House Republicans began Friday with a closed meeting in the basement of the U.S. Capitol, one day after a failed effort to pass a supplemental funding bill in response to an influx of children from Central America. Even the most conservative members emerged optimistic that the two border bills would now be changed to win the 218 votes needed to pass. Republican lawmaker Michele Bachmann said the bills now do what a core group of conservative Republicans wants:
“Stopping the invasion of illegal foreign nationals into our country,” she said.
No action in Senate
The Democratic-run Senate left town without passing a border bill. Senate Majority Leader Harry Reid blasted House Republicans for adding to the agenda a second border bill that would end an Obama administration policy of allowing hundreds of thousands of young undocumented immigrants who came to the U.S. as children years ago to stay.
“House Republicans will vote to deport children who have been living in the United States their entire lives, all in a pathetic attempt to appease the Tea Party,” he said.
President Obama criticized House members for crafting border legislation they know will never be taken up in the Senate and that he has said he would veto.
“House Republicans, as we speak, are trying to pass the most extreme and unworkable versions of a bill that they already know is going nowhere,” he said.
The president said Congress is leaving him no choice but to act on his own.

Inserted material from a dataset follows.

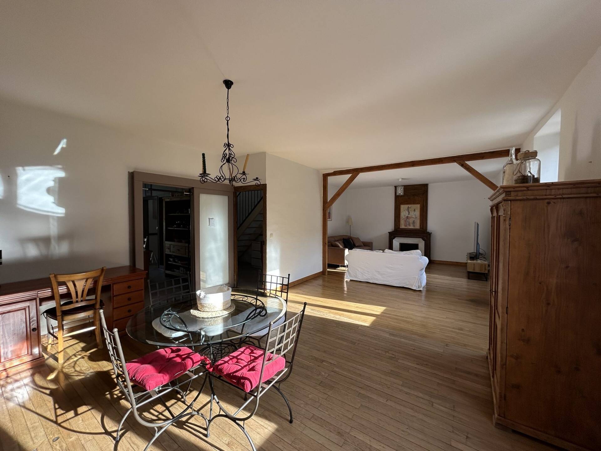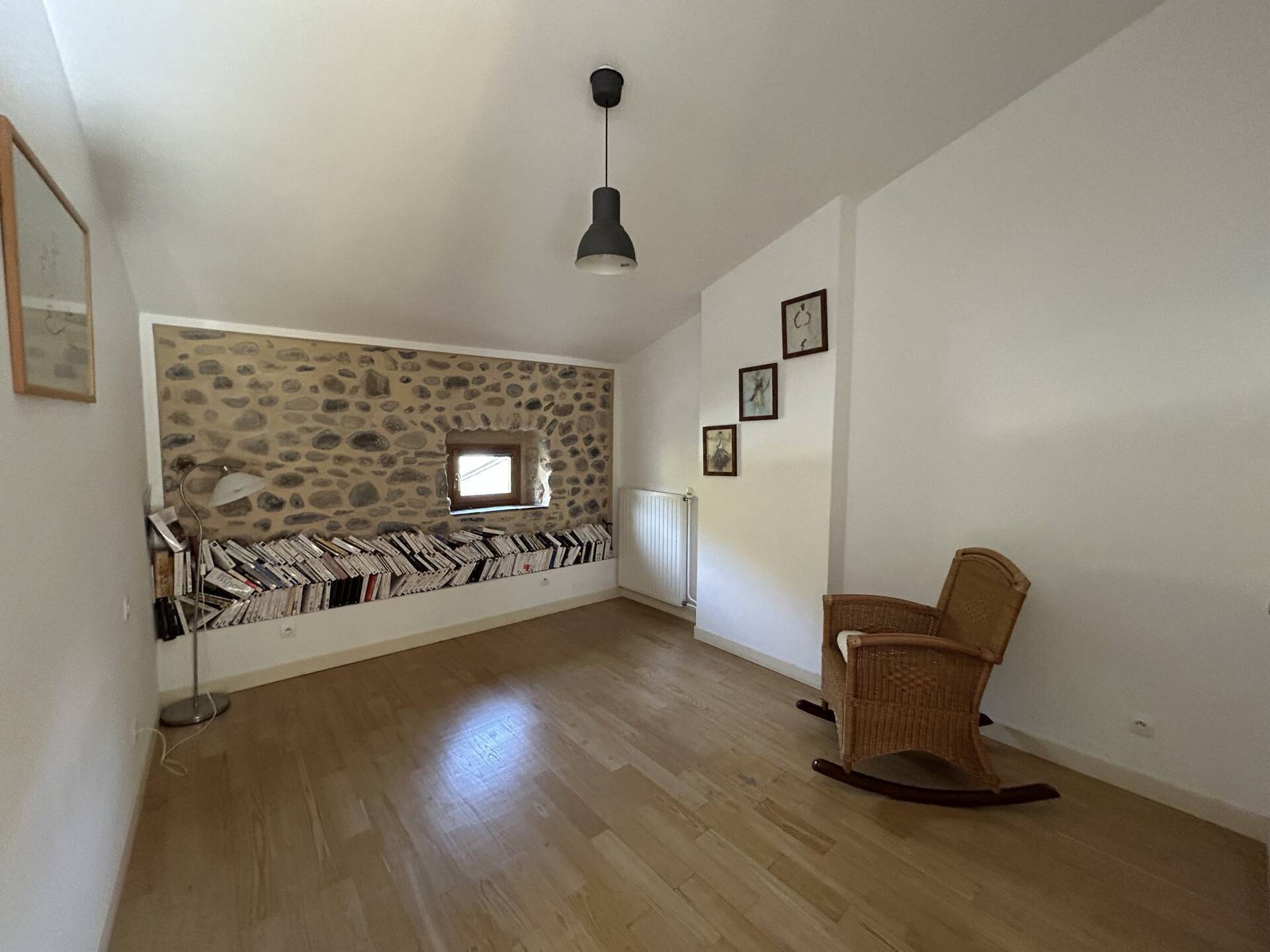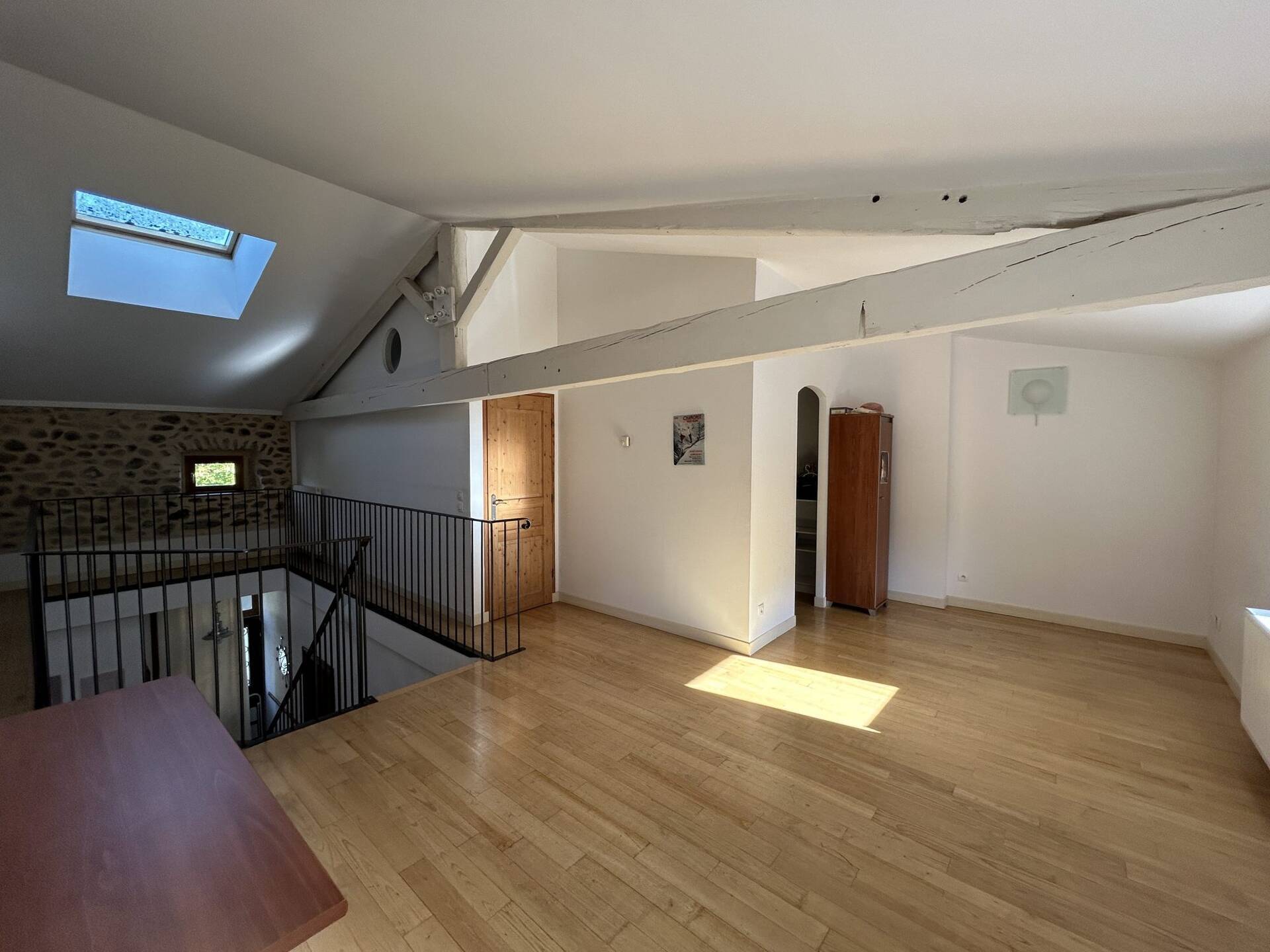 À l'étage, une spacieuse mezzanine mène à deux chambres, dont une disposant d'un dressing. Vous y trouverez également une salle d'eau, des WC séparés, ainsi qu'un accès aux combles, offrant un beau potentiel d'aménagement supplémentaire.

“I am going to have to act alone because we don’t have resources. We have already been very clear, we have run out of money,” he said.
Stopping the flow
Republican lawmakers blame the president for contributing to the influx of 57,000 children from El Salvador, Guatemala and Honduras this year, saying his rhetoric about immigration reform has caused confusion, which criminal trafficking gangs have exploited. Republican Congressman Tom Cole said the right thing to do is to send a clear signal to deter children from making the dangerous journey to America.
“So we need to stop this flow. We need to do in a humane and appropriate way,” he said.
House Democrats took to the floor in large numbers to oppose the border bills, calling them harsh and mean-spirited towards desperate children. Democratic Congressman Luis Gutierrez said Hispanic voters would remember the way Republicans treated the Central American children for many elections to come:
“Because the way you treat one of us today is the way you have treated all of us, and we will remember that,” he said.
Analysts say the president will likely have to shift funds to provide food and shelter for the children at the border, and that members of Congress will likely face the border issue again when they return in September.